Information supplied
----------------------------------------

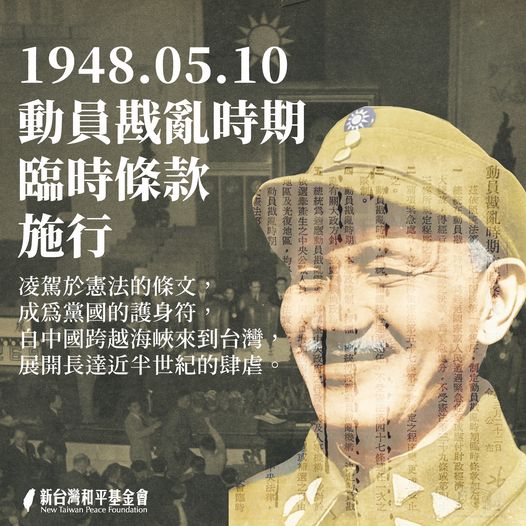1948 年 5 月 10 日,國共內戰的兵荒馬亂將至尾聲,正值國民政府危急存亡之秋,匆忙之際,國民大會通過的《動員戡亂時期臨時條款》就此實施。凌駕於憲法的條文,成為黨國的護身符,自中國跨越海峽來到台灣,展開長達近半世紀的肆虐。
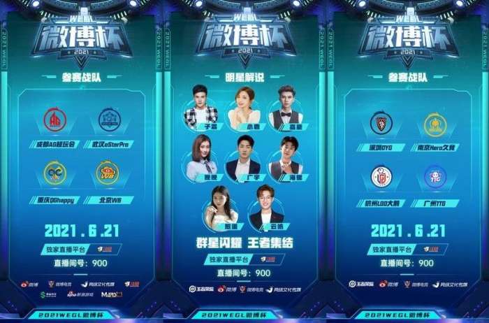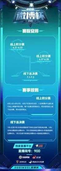 2021首届王者荣耀WEGL微博杯将在6月21日-6月28日(6月26日为KPL春季赛决赛让路,停战一天)展开线上积分赛的较量,8支参赛战队将首先进行线上单循环积分赛。每支战队将完成7场BO2的较量,最终积分赛总分排名前四的战队进军线下总决赛,后四名将直接离开本次比赛的舞台。
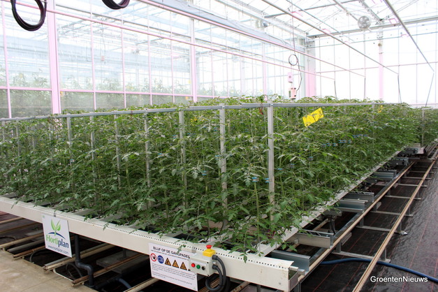 Las tomateras de este concepto especial, en el que Ridder lleva trabajando varios años en colaboración con varios socios, se cultivan en el sistema de canaletas móviles de Hortiplan. Antes se utilizaban canaletas pensadas para el cultivo de lechugas.
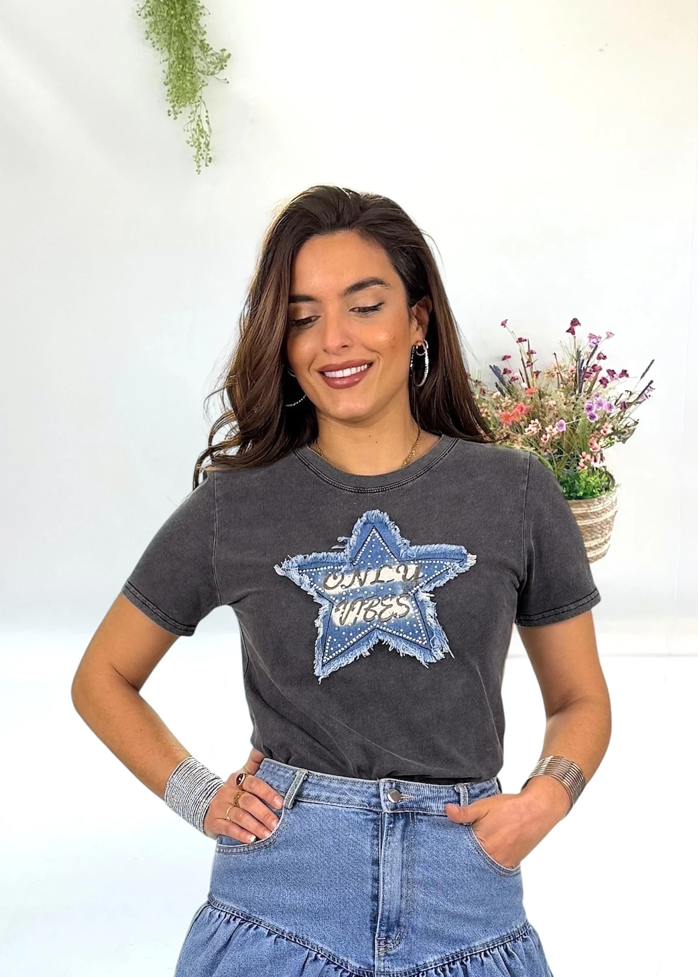 Camiseta gris efecto lavado con estrella central en denim y mensaje bordado que aporta un aire desenfadado y actual. Una prenda con carácter que eleva cualquier look casual.
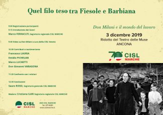 «Quel filo teso tra Fiesole e Barbiana: Don Milani e il mondo del lavoro». È questo il titolo del seminario – domani alle 9 al Ridotto delle Muse – dedicato al ricordo della figura di don Lorenzo Milani, ispiratore di più generazioni di sindacaliste e sindacalisti che hanno tratto e traggono, ancora oggi, ispirazione dalle parole e dalle azioni del sacerdote fiorentino. La Cisl Marche nell’occasione presenterà il ciclo di iniziative che si svolgeranno nell’arco del 2020, anno in cui ricorre del 70° anniversario della fondazione del sindacato confederale. «La riflessione su don Milani vuole essere per la Cisl delle Marche un punto di ripartenza – scrive la sigle in una nota – per intercettare la sfida educativa, politica, e sindacale legata alle nuove fragilità sociali ed economiche del territorio marchigiano».

----------------------------------------

What you will do
Could you write all the entries out again exactly, but without their pictures?

Answer to the exercise
1948 年 5 月 10 日,國共內戰的兵荒馬亂將至尾聲,正值國民政府危急存亡之秋,匆忙之際,國民大會通過的《動員戡亂時期臨時條款》就此實施。凌駕於憲法的條文,成為黨國的護身符,自中國跨越海峽來到台灣,展開長達近半世紀的肆虐。
 2021首届王者荣耀WEGL微博杯将在6月21日-6月28日(6月26日为KPL春季赛决赛让路,停战一天)展开线上积分赛的较量,8支参赛战队将首先进行线上单循环积分赛。每支战队将完成7场BO2的较量,最终积分赛总分排名前四的战队进军线下总决赛,后四名将直接离开本次比赛的舞台。
 Las tomateras de este concepto especial, en el que Ridder lleva trabajando varios años en colaboración con varios socios, se cultivan en el sistema de canaletas móviles de Hortiplan. Antes se utilizaban canaletas pensadas para el cultivo de lechugas.
 Camiseta gris efecto lavado con estrella central en denim y mensaje bordado que aporta un aire desenfadado y actual. Una prenda con carácter que eleva cualquier look casual.
 «Quel filo teso tra Fiesole e Barbiana: Don Milani e il mondo del lavoro». È questo il titolo del seminario – domani alle 9 al Ridotto delle Muse – dedicato al ricordo della figura di don Lorenzo Milani, ispiratore di più generazioni di sindacaliste e sindacalisti che hanno tratto e traggono, ancora oggi, ispirazione dalle parole e dalle azioni del sacerdote fiorentino. La Cisl Marche nell’occasione presenterà il ciclo di iniziative che si svolgeranno nell’arco del 2020, anno in cui ricorre del 70° anniversario della fondazione del sindacato confederale. «La riflessione su don Milani vuole essere per la Cisl delle Marche un punto di ripartenza – scrive la sigle in una nota – per intercettare la sfida educativa, politica, e sindacale legata alle nuove fragilità sociali ed economiche del territorio marchigiano».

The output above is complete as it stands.